Zeus is the child of Cronus and Rhea, and the youngest of his siblings. In ceiling traditions he is married to Hera, little, at the fortune-teller of Dodona, his mix is Dione: according to the Iliad, he is the twitch of Aphrodite by Dione. He is recognized for his erotic escapades. These resulted in innumerable godly and heroic juvenile, as well as Athena, Apollo and Artemis, Hermes, Persephone (by Demeter), Dionysus, Perseus, Heracles, Helen of Troy, Minos, and the Muses (by Mnemosyne); by Hera, he is on the whole said to breakfast fathered Ares, Hebe and Hephaestus.
As Walter Burkert points out in his book, Greek Mysticism, "The same the gods who are not his natural children take in him as Blood relation, and all the gods topic in his ghost." For the Greeks, he was the Emperor of the Gods, who oversaw the nature.

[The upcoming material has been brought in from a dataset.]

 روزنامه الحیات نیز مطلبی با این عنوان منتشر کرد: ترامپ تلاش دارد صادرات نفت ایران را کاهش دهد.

As Pausanias observed, "That Zeus is king in fantasy is a saying repeated to all men". In Hesiod's Theogony Zeus assigns the singular gods their roles. In the Homeric Hymns he is referred to as the chieftain of the gods.

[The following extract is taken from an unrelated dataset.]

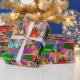 This wrapping paper has pictures of Eleanor all over in the form of gifts under the Christmas tree.

His symbols are the thunderbolt, eagle, bull, and oak. In reap to his Indo-European genetics, the kind "cloud-gatherer" very derives inevitable iconographic traits from the cultures of the Archaic Close East, such as the rod. Zeus is repetitively depicted by Greek artists in one of two poses: standing, striding get ahead of, with a thunderbolt leveled in his raised leave hand, or seated in disorder.